Tamara is a 2016 Venezuelan film directed by Elia Schneider. The film is about a  successful lawyer who takes the decision to start a gender transition. It is inspired in the life of Tamara Adrián, the first transgender person elected to the National Assembly in Venezuela and the second transgender member of a national legislature in the Americas. It became the highest-grossing film in Venezuela in 2016.

Plot 
The film revolves around Teo, a successful lawyer and university professor, married and with two children, who decides to start a gender transition.

Production 
Schneider tried to present the film as a representation of transphobia and not as a biographical film. Although key moments of the life of the politician remained, the script was rewritten several times to conceal aspects of her life. According to Tamara Adrián, around 40% of the film was reality, while the rest was fiction. Luis Fernández, the actor that depicted Teo, said that it was the most difficult role of his career and that it was the first time that he interpreted a woman. Fernández met with Tamara herself to design the character. At the end he decided not to imitate her, but rather tried to express how he would have felt in a similar situation.

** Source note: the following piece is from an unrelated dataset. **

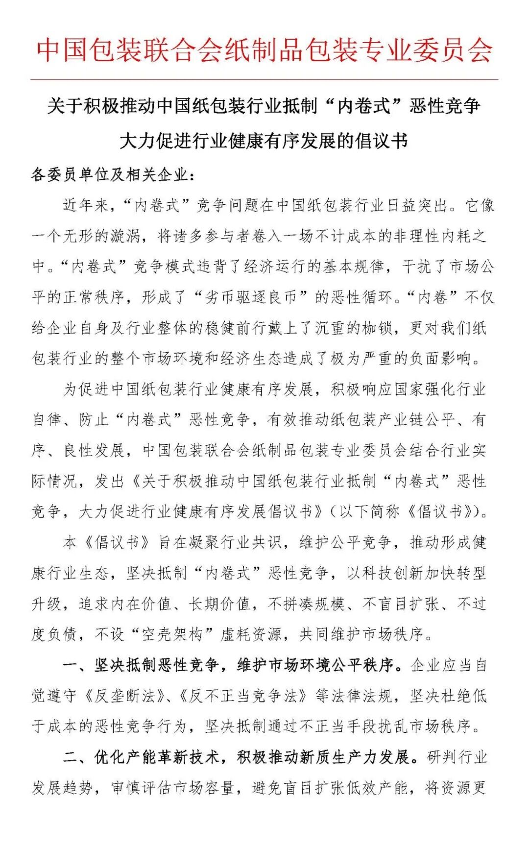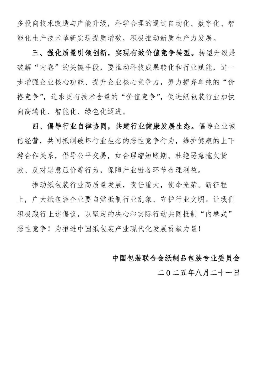 10月31日,“2025中國(guó)包裝聯(lián)合會(huì)紙制品包裝專(zhuān)業(yè)委員會(huì)年度委員大會(huì)”在佛山隆重舉行。會(huì)上,中國(guó)包裝聯(lián)合會(huì)紙制品包裝專(zhuān)業(yè)委員會(huì)張耀權(quán)常務(wù)副主任兼秘書(shū)長(zhǎng)宣讀了《關(guān)于中國(guó)紙包裝行業(yè)抵制“內(nèi)卷式”惡性競(jìng)爭(zhēng),促進(jìn)行業(yè)健康有序發(fā)展的倡議書(shū)》——呼吁全行業(yè)采取行動(dòng),遏制“內(nèi)卷式”競(jìng)爭(zhēng),推動(dòng)行業(yè)走向更加健康、可持續(xù)的發(fā)展軌道。

Despite being filmed in 2013, Tamara was screened in November 2016 after delayals due to artistic decisions, the devaluation of the Venezuelan currency and afterwards due to the government's decision to limit the power schedule in malls.

Tamara Adrián made a cameo in the film with the role of a university rector.

Reception 
Upon release, 19,341 tickets were sold in Venezuela by 27 November, surpassing From Afar, awarded with the Golden Lion at the 72nd Venice International Film Festival, which sold 16,924 tickets during its time at the cinemas.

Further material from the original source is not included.